The Pitch: In a nonspecific dystopian future, Alex Garland’s Civil War presumes a kind of societal breakdown that, on its face, seems silly: A tripartite secession from the United States on the part of the “Western Forces of Texas and California” and the “Florida Alliance,” among others. The President (Nick Offerman) offers hollow words of assurance that victory is coming soon; but looking at the empty cities and the armed skirmishes between varying tribes of uniformed soldiers within, it’s not looking good for the stars and stripes.
Caught in the middle, silently recording it all, is a small band of journalists — legendary war photographer Lee Smith (Kirsten Dunst), Reuters reporter Joel (Narcos’ Wagner Moura), wise New York Times veteran Sammy (Steven McKinley Henderson), and fresh-faced amateur photographer Jessie (Cailee Spaeny). Together, they rush from New York City to Washington, D.C., for a last-ditch shot at interviewing the President as enemy forces advance toward the capital.
What Kind of American Are You? Love him or hate him, Alex Garland steadfastly refuses to give audiences what they might be expecting. When it works, it works; take his laudable takes on artificial intelligence (Ex Machina) or the ontological implications of AI (Devs). But sometimes Garland’s metaphors get away with him, like the reductive and muddy misogyny metaphors of Men. With Civil War, his latest, Garland may well have found his ideal thematic middle ground: contrary to what initial trailers might imply, his haunting dystopia is less focused on the why of America’s impending doom and more on the day-to-day how of what it would look like.
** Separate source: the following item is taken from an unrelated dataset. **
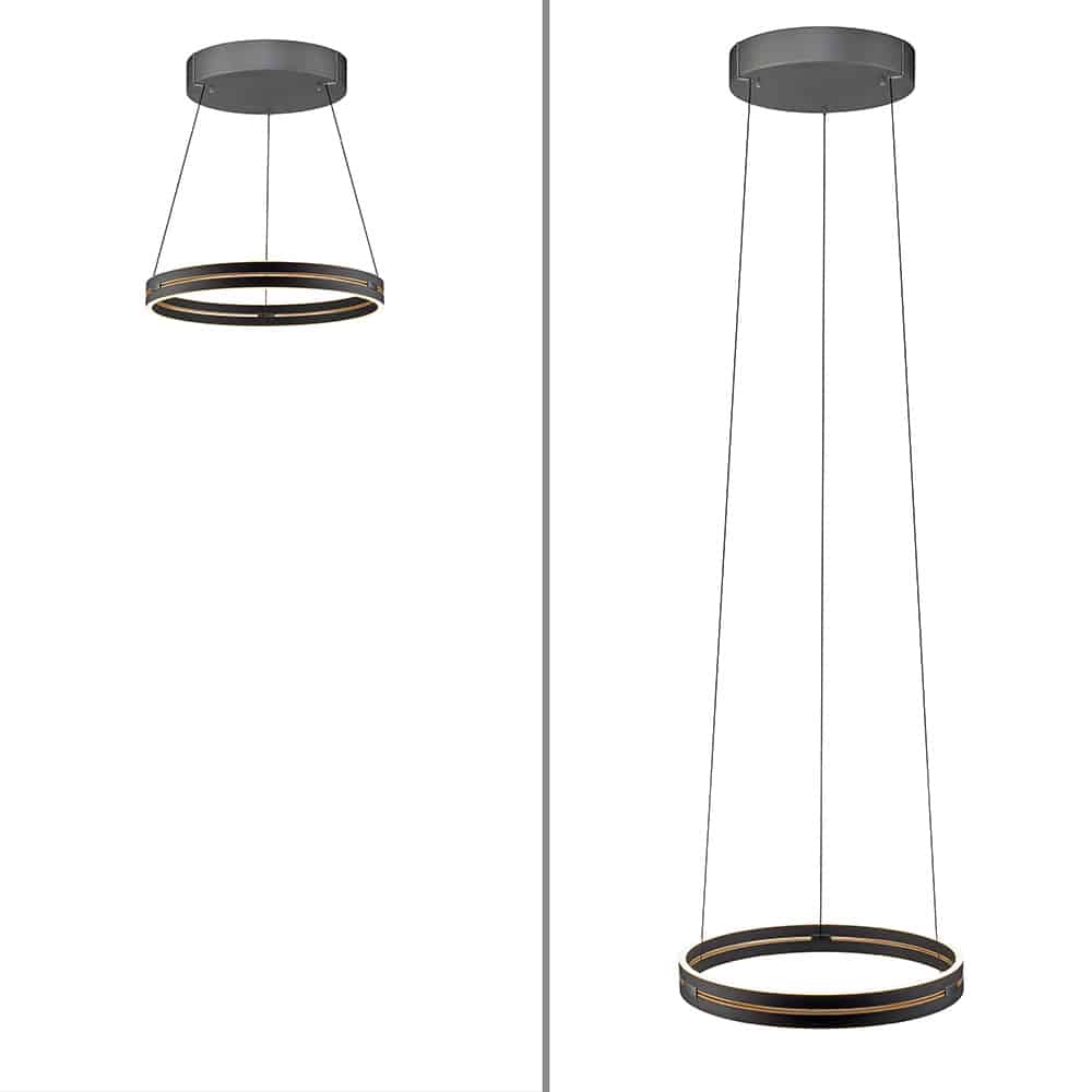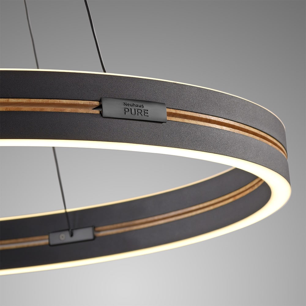 Die LED Pendelleuchte Pure E Loop verbindet minimalistisches Design mit innovativer Funktionalität. Der dünne, kreisrunde Leuchtenring wird elektrisch höhenverstellbar (e‑LIFT®, ca. 40–350 cm), sodass er je nach Bedarf als klassische Pendelleuchte oder dezente Deckenleuchte fungiert. Die Leistung liegt je nach Modell bei 40–44 W, mit rund 4.100 bis 4.480 lm, für energieeffiziente Grundbeleuchtung. Farbtemperatur und Helligkeit sind stufenlos verstellbar (CCT 2.700–5.000 K, dimmbar) – per magnetischer Funk‑Fernbedienung steuerbar, inklusive Memoryfunktion für persönliche Favoriten. Modelle sind in Varianten wie Aluminium, mattes Messing oder mystic grey mit Ø 50 cm oder Ø 70,1 cm erhältlich. Die Steuerung erfolgt intuitiv via Drehring auf der Fernbedienung, die per Wandhalter integriert werden kann. Optional erhältlich sind schwarze Fernbedienung und Wandhalterung Sicherheitsfunktionen wie automatischer Motor-Stopp bei Hindernissen und programmierbare Maximalhöhe sorgen für komfortable Bedienung im Alltag. Mit präziser Technologie und formschöner Gestaltung ist die LED Pendelleuchte Pure E Loop ideal für moderne Wohn- oder Hauseinrichtung.

Indeed, you won’t get a shred of specificity into the logistics of the country’s trifurcated nature in Civil War’s sparse script. Little of the leadup to this violent revolution makes sense, and deliberately so; don’t expect the politics of the varying factions to line up to the expected blue-versus-red dynamics of a post-Trump, post-January-6th political landscape. What little we get of that comes from Sammy’s allusions to Offerman’s President being a dictator in his third term or a small but terrifying cameo from Jesse Plemons as a nationalistic militiaman who seems to be using the war to play out his own personal psychopath fantasies.
While some may decry that as political cowardice (why shy away from the real-life politics of what feels like our own impending civil war, after all?), it feels elementary to Garland’s pet interests. A British filmmaker, after all, Garland treats America the way many American films relate to distant wars in the Middle East — the factional dynamics are mere window dressing for the overall chaos of war, with war journalists bravely setting aside their personal safety to tell the story of what happened. “We report so they can ask,” Lee tells Jesse at one point; that may as well be Garland’s ethos as well.
A Private War: Indeed, Garland is far more interested in the ethics and personal bravery of wartime journalists, as filtered through our intriguing ensemble of leads. Dunst’s Lee is a battle-hardened, cynical photographer in the vein of her namesake, Lee Miller, or perhaps Marie Colvin (shades of the 2018 Rosamund Pike film A Private War abound); she’s seen it all and knows how to survive, and seems to compartmentalize the very haunting fact that the bloodshed she’s captured for years elsewhere is happening right in her own backyard.